The Health (Regulation of Termination of Pregnancy) Act 2018 (Act No. 31 of 2018; previously Bill No. 105 of 2018) is an Act of the Oireachtas (Irish parliament) which defines the circumstances and processes within which abortion may be legally performed in Ireland. It permits termination under medical supervision, generally up to 12 weeks' pregnancy, and later if pregnancy poses a serious health risk or there is a fatal foetal abnormality.

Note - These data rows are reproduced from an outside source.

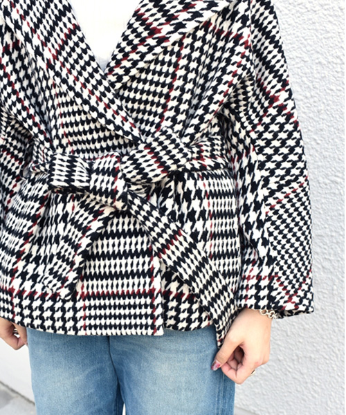 のショートコートがポイント。 付属ベルトでウエストマーク
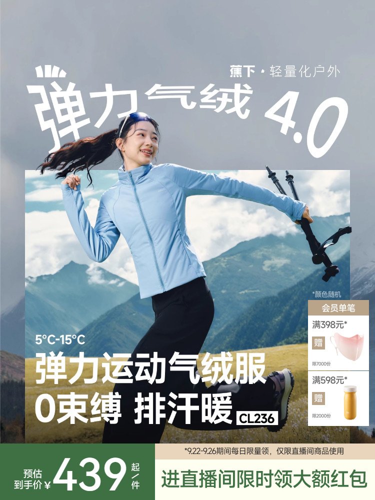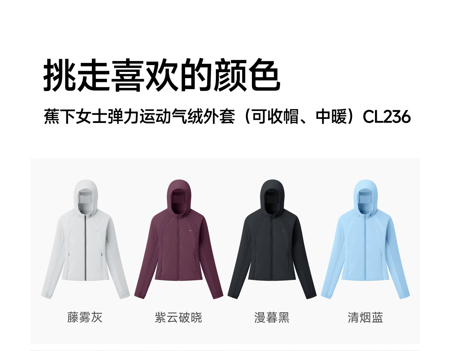 蕉下连帽运动气绒服秋季新款高弹轻薄亲肤保暖抗湿冷跑步夹棉外套
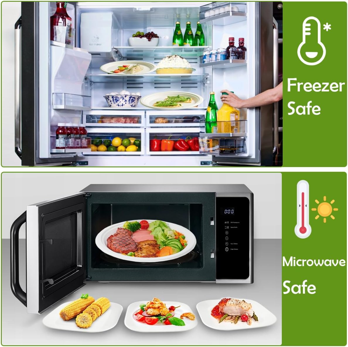 - 3️⃣🍽️【Microwave & Freezer Safe 】Paper plates can be used for hot or cold food and in microwave or freezer. Microwave safe up to 248F. Oil-resistant and leakproof. Hold lots of food without breaking or soap through
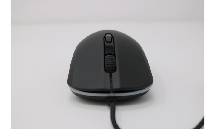 Here we see the front view of HyperX’s Surge. The braided cable runs right of the front of this ambidextrous mouse. In addition we see the DPI button up top as well as part of the RGB ring encircling the entire perimeter of the mouse. Both the left and right mouse button are rated for 50 million clicks and consist of Omron switches.
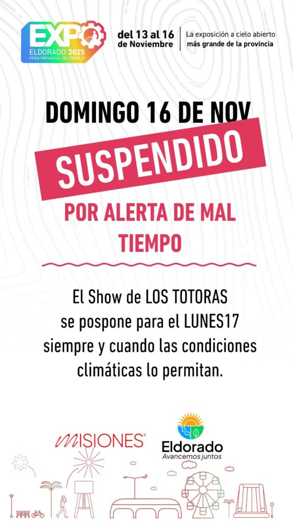 Expo Eldorado: Ante el pronóstico de lluvias, suspenden las actividades
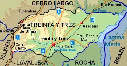 Treinta y Tres (Spanish pronunciation: [ˈtɾejnta i ˈtɾes]) is a department of Uruguay. Its capital is Treinta y Tres. It is located in the east of the country, bordering the departments of Cerro Largo to the north, Durazno and Florida to the west, Lavalleja and Rocha to the south, while to its east is the lake Laguna Merín separating it from the southernmost end of Brazil.
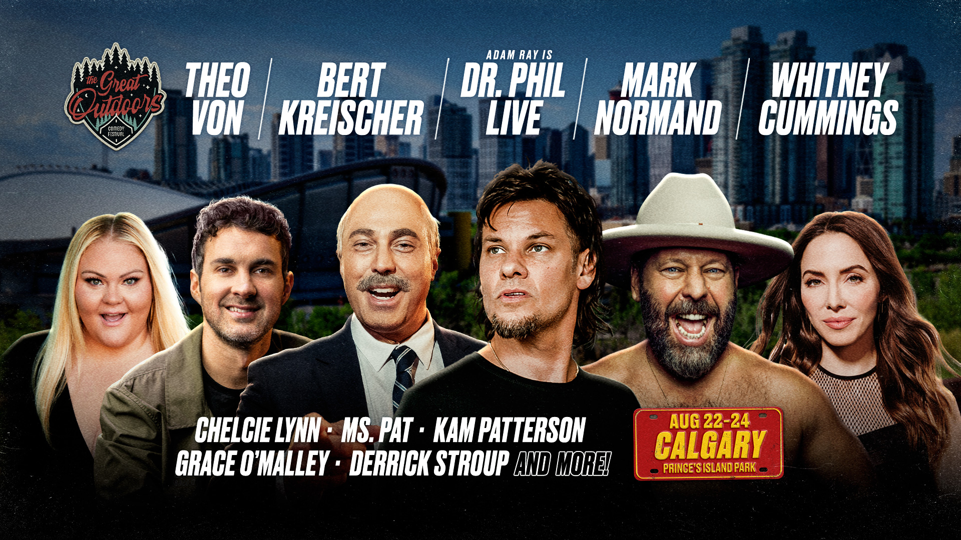 The Great Outdoors Comedy Festival is coming to Calgary this summer, where outdoor explorations transition to urban adventures. Heading into the fourth summer in the wild west, GOCF takes over Prince’s Island Park nestled north of downtown on the Bow River. Get your tickets for this years’ hilarious headliners including Theo Von, Bert Kreischer, Adam Ray is Dr. Phil Live, Mark Normand, Whitney Cummings and many more!
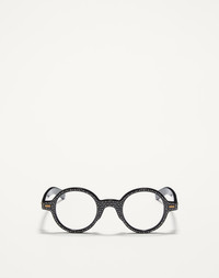 With its rounded silhouette, this model is embellished with couture details. On the front, a delicate crystal decoration adds light and personality, while the thin, linear temples are inspired by vintage models and enhanced by decorative rivets and the unmistakable Valentino logo, the Maison's hallmark. A model that combines style and versatility. FEATURES - Lens base: 4 Lens category: n/a Lens material: nylon - UV transmittance: n/a - Suitable for prescription - Packaging: Recycled opaque black paper/FSC box with inserts in black paper bags to include product accessories, recycled microfiber lens cloth, and case. - Leather case: black case and shiny recycled leather strap with black metal VLogo - Unisex eyeglasses - Made in Italy DIMENSIONS - Temple length: 14.5 cm / 5.7 in. - Total frame width: 14 cm/ 5.5 in. - Lens width: 4.3 cm / 1.7 in. - Lens height: 4.3 cm / 1.7 in. - Bridge: 2.4 cm / 0.9 in. Product code: Z530VLX185B_7V2
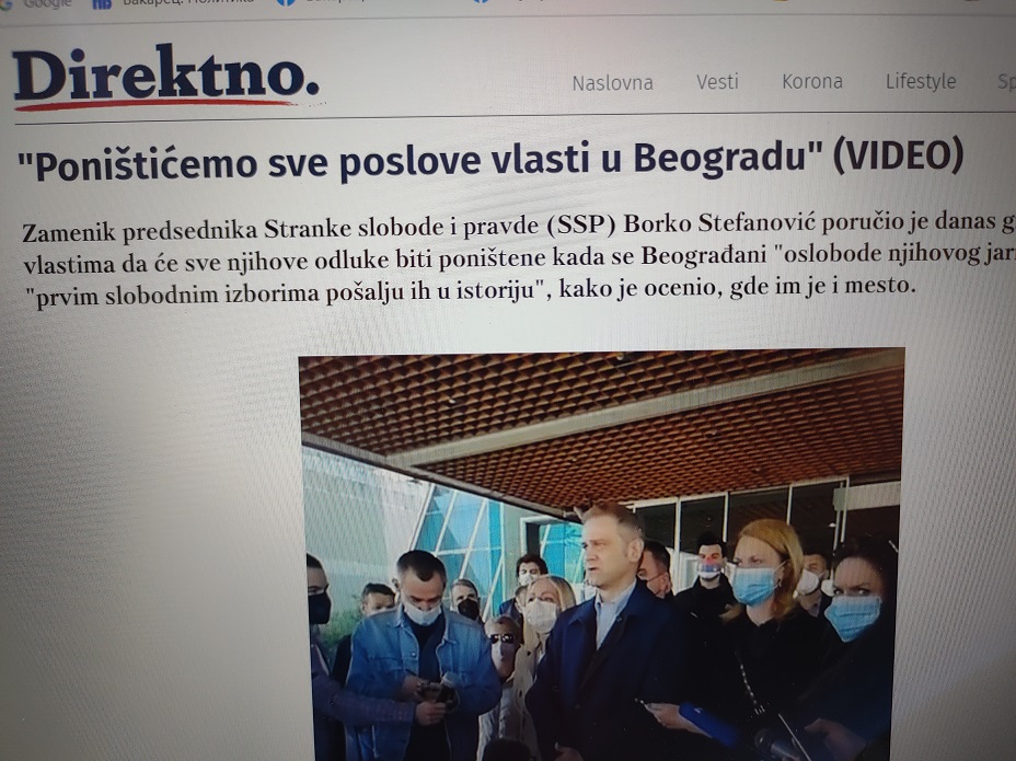 На страну и то. Сви медији „човека без савести“ су јавили да је „човек без имена“ (Стефановић Б) на конференцији за штампу, припретио следеће:“Поништићемо све послове власти у Београду. Све одлуке које данас доносите и које сте доносили претходних дана биће анулиране и решене оног момента кад се Београд ослободи вашег јарма и када вас на првим слободним изборима Београђани јединствено пошаљу у прошлост“. Ово се односи и на целу Србију.
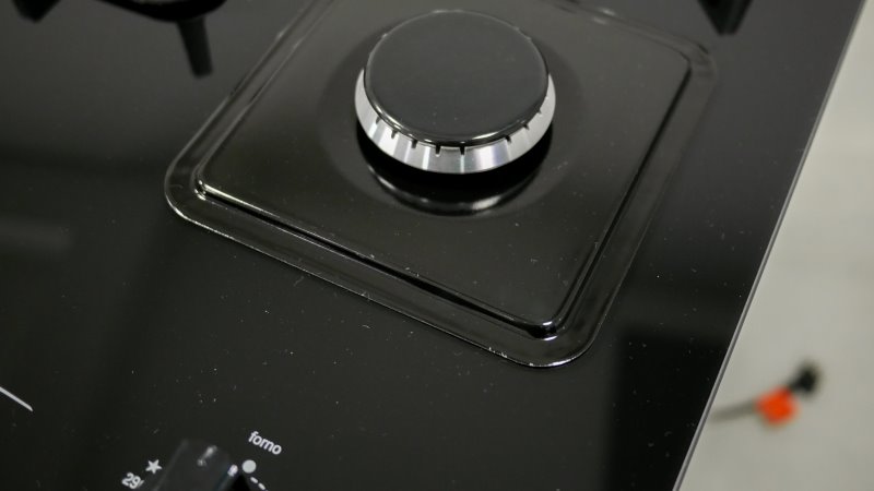 Os manípulos, feitos de PBT, um plástico para altas temperaturas, ficam localizados na mesa de vidro a uma boa altura da mesa. De certa forma são simples, mas ficam bem encaixados e firmes.
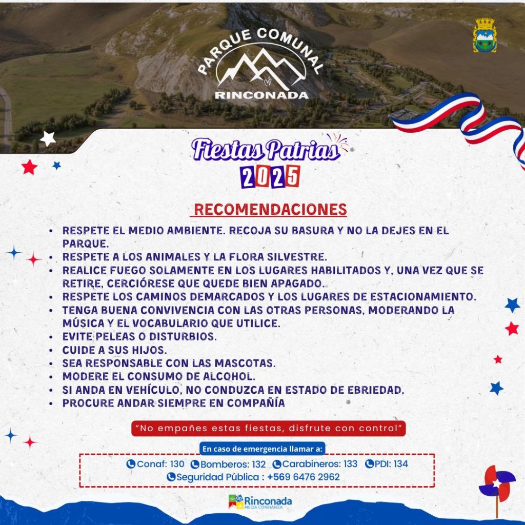 Con el fin de resguardar la seguridad de los visitantes y promover una convivencia armónica durante las celebraciones de Fiestas Patrias en el Parque Comunal, el municipio se encuentra difundiendo una serie de recomendaciones dirigidas a la comunidad.
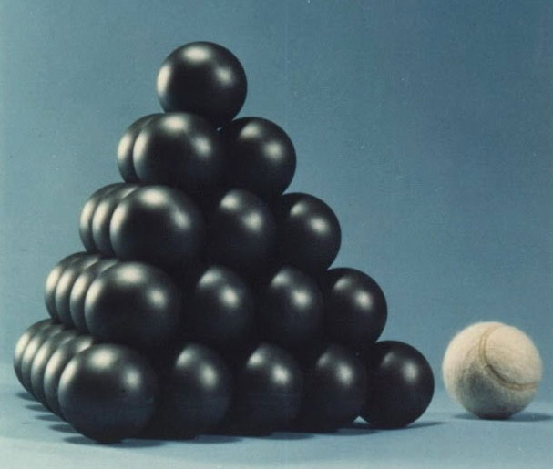 图为高温气冷堆的球形燃料元件,每一个都如网球般大小。

Prior to 2018, abortion was legal only where pregnancy presented "a real and substantial risk to the life" of the woman, as mandated by the 1983 Eighth Amendment of the Constitution and regulated by the Protection of Life During Pregnancy Act 2013. A referendum on 25 May 2018 approved the Thirty-sixth Amendment of the Constitution, which in effect repealed the Eighth Amendment and empowered the Oireachtas to legislate for abortion. The Health (Regulation of Termination of Pregnancy) Bill was published on 27 September 2018 and signed into law on 20 December 2018. The act came into force on 1 January 2019.

Key provisions
The law allows for a termination:
under section 9, where there is a serious risk to the life or of serious harm to the health of a pregnant woman, after examination by 2 medical practitioners;
under section 10, in cases of emergency, where there is an immediate serious risk to the life or of serious harm to the health of a pregnant woman, after an examination by one medical practitioner;
under section 11, where two medical practitioners are of the opinion formed in good faith that there is present a condition affecting the foetus that is likely to lead to the death of the foetus either before, or within 28 days of, birth; and
under section 12, where there has been a certification that the pregnancy has not exceeded 12 weeks, and after a period of 3 days after this certification.
Under section 23, it is an offence punishable by a fine or imprisonment of up to 14 years to intentionally end the life of a foetus outside the provisions of the Act. This offence does not apply in the case of a woman ending her own pregnancy.

Background

Prior to 2018, abortion was legal only where pregnancy presented "a real and substantial risk to the life" of the woman, as mandated by the 1983 Eighth Amendment of the Constitution and regulated by the Protection of Life During Pregnancy Act 2013. After the 2016 general election, a Citizen's Assembly was established by Oireachtas resolution and tasked with reporting on several issues, the first being "the Eighth Amendment of the Constitution". It began discussion in November 2016 and finally voted in April 2017 on a range of questions. Its first recommendation was to replace the constitutional prohibition with a mandate for the Oireachtas to legislate on abortion. It then provided a range of recommendations for circumstances in which the Oireachtas might legislate to allow abortion. The assembly's formal report was laid before the Oireachtas on 29 June 2017 and referred to a special Oireachtas Joint Committee for consideration. The committee met from September to December 2017 and produced its own report, recommending the same constitutional amendment as the assembly but a slightly more liberal statutory regime. The assembly had recommended allowing termination on grounds of rape or incest, but the committee felt it would be impossible to provide adequate proof for such cases and instead opted for an unrestricted provision of termination within 12 weeks' gestation. Their report was debated in the Dáil between 17 and 25 January 2018 and again on 21 February. Simon Harris, the Minister for Health, began by saying:
I want to recognise that the recommendations contained in the Committee’s report represent the views of the majority of members, but that there was not unanimous agreement on them. I respect the views of those who dissent from the recommendations but I do believe they are the basis on which we must proceed on this issue.
A referendum on 25 May 2018 approved the Thirty-sixth Amendment of the Constitution, which in effect repealed the Eighth Amendment and empowered the Oireachtas to legislate for abortion. Legal challenges delayed enactment of the amendment until 18 September 2018.

Legislative history
A General Scheme of a Bill to Regulate Termination of Pregnancy was published by the Department of Health in March 2018, prior to the passage of the Thirty-sixth Amendment. A second general scheme for the bill was published by the Department of Health in July 2018.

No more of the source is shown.